Supercars competition will return to Sandown in 2021 following a hiatus last year amid the COVID-19 pandemic.
The iconic circuit was initially left off the 2021 calendar, but it will host a sprint round in March after the Australian Grand Prix was postponed.
Nearly five years have passed since Sandown played host to one of the most dramatic races in recent history, and the last between a successful driver-team pairing.
Garth Tander had raced Walkinshaw cars since 2005, and was the Holden Racing Team’s leading light between 2008 and 2016.
Confirmation of Tander's departure from the team came just days after one of his finest drives, with the 2007 champion combining with Warren Luff to claim his 24th and final Walkinshaw/HRT victory.
Few circuits test a car quite like Sandown, with two long straights, sweeping turns and sharp corners pushing cars to the limit.
Tander found out the hard way in 2019 when victory went begging following a late suspension failure for co-driver Shane van Gisbergen.
However, in different cars three years earlier, the duo were locked in a battle that had an added element of drama when a guard on Tander's Commodore came loose.
All of the co-drivers started the race, with Jamie Whincup's partner Paul Dumbrell lining up on pole position ahead of Luff.
Luff grabbed the lead as Dumbrell bogged down, but behind them, light contact between James Golding and Jack Perkins saw the former fire into the Turn 6 barrier.
The dramatic tyre failure led to a spectacular accident, with the race red-flagged on lap 3.
After a delay of 26 minutes, with the tyre barrier repaired, the experienced Luff led the field away.
With a combined age of 79, the Tander-Luff combination was one of the most experienced on the grid.
Whether it was a fancied combination was another thing; Tander hadn't won since Townsville in 2014, with Luff winless since the 2013 Gold Coast 600.
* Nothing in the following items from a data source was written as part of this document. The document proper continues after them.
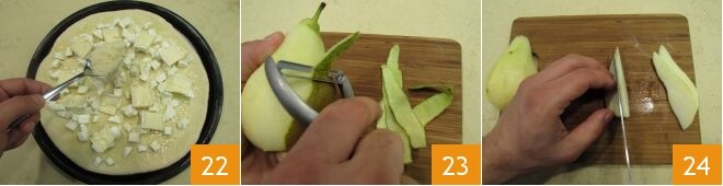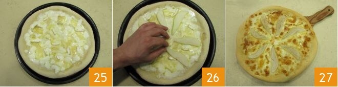 Nach 10 Minuten nehmen Sie die Pizza aus dem Ofen 25 und legen die Birnen strahlenförmig auf die Pizza 26 und backen Sie sie für weitere 10/15 Minuten bei 200 °C. Sobald Sie die Pizza mit Birnen und Brie aus dem Ofen nehmen, servieren Sie sie sofort 27.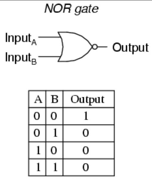 NOR gate is nothing but an OR gate with NOT gate connected to the output, that’s mean that the output is one (High) only when all the inputs are zero (Low).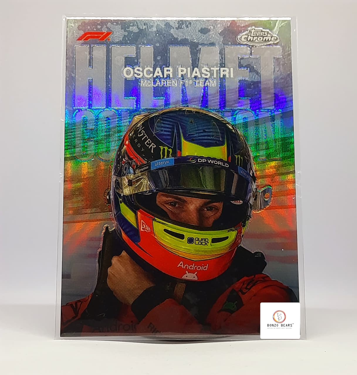 Shop the Oscar Piastri 2024 Topps Chrome F1 Helmet Card at Bonzo Bears. A premium McLaren collectible featuring vibrant chrome design — perfect for F1 and rookie card collectors.

Luff drove an assured first stint, with rain triggering the leaders to switch to wets on lap 37.
Dumbrell took the lead from Luff on lap 49, before the Safety Car was deployed six laps later when Dean Canto, co-driving for Mark Winterbottom, spun off at Turn 4.
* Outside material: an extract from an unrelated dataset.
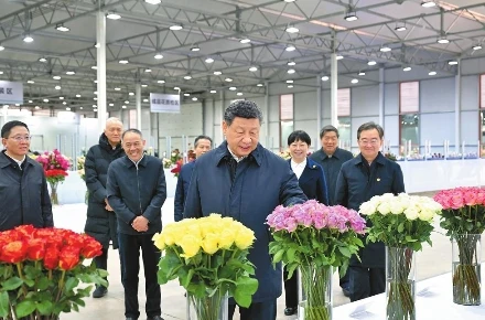 19日下午,習(xí)近平來(lái)到麗江現(xiàn)代花卉產(chǎn)業(yè)園。在展廳,他察看玫瑰、馬蹄蓮鮮切花品種展示,聽(tīng)取云南花卉產(chǎn)業(yè)發(fā)展情況介紹。在玫瑰花種植區(qū),他了解智能溫室無(wú)土栽培技術(shù),同現(xiàn)場(chǎng)村民、技術(shù)人員親切交談。他還來(lái)到玫瑰花分級(jí)包裝生產(chǎn)線,察看篩選、分級(jí)到包裝、發(fā)貨的全流程,對(duì)鮮切花通過(guò)物流及時(shí)外銷表示肯定。習(xí)近平指出,云南花卉產(chǎn)業(yè)前景廣闊,要著眼全產(chǎn)業(yè)鏈,從種業(yè)端、種植端、市場(chǎng)端不斷深耕細(xì)作,讓這一“美麗產(chǎn)業(yè)”成為造福群眾的“幸福產(chǎn)業(yè)”。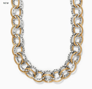 Inspired by 3000-year-old Balinese jewelry techniques, this pebble-textured necklace with modern chunky links is utterly timeless. In silver and gold, it goes with all your jewelry.

Co-drivers had completed their minimum of 54 laps, but Dumbrell remained behind the wheel, with Tander fifth on the restart. Tander had moved up to second by lap 68, with Dumbrell still leading.
Tander regained the lead for the #2 with Dumbrell taking on more fuel than those around him.
Whincup, now behind the wheel and trailing Tander, Scott McLaughlin, Todd Kelly and Craig Lowndes, copped a radio message he'd rather forget.
It was found Dumbrell had removed his seat belts too early during the pit stop. Whincup was slapped with a drive-through penalty, the #88 dropped to 18th, and they would finish 13th.
With Whincup out of contention, the race was Tander's to lose, and he worked hard to regain the lead in a feisty battle with McLaughlin.
After several failed overtake attempts, Tander pitted on lap 104, and McLaughlin was followed into the lane by van Gisbergen a lap later.
The #2 emerged in the effective lead, with van Gisbergen benefiting from an error from McLaughlin to jump into second.
The gap between Tander and van Gisbergen, once the field had cleansed, was 11 seconds. Elbow nudges and winks all-round for HRT, with Luff perhaps believing a second Sandown 500 win was a certainty.
Bang. There goes the front-left guard. On lap 122, Tander's chances began to lessen by the lap. With the damage slowing his progress, van Gisbergen began to close in.
Tander's initial blushes were saved by the fibreglass guard being fastened by the rear mounts, which was enough to satisfy the race stewards.
All the while, though, the #97 eked closer. With the race time certain, Tander scraped home by three tenths over van Gisbergen after 143 of the scheduled 161 laps.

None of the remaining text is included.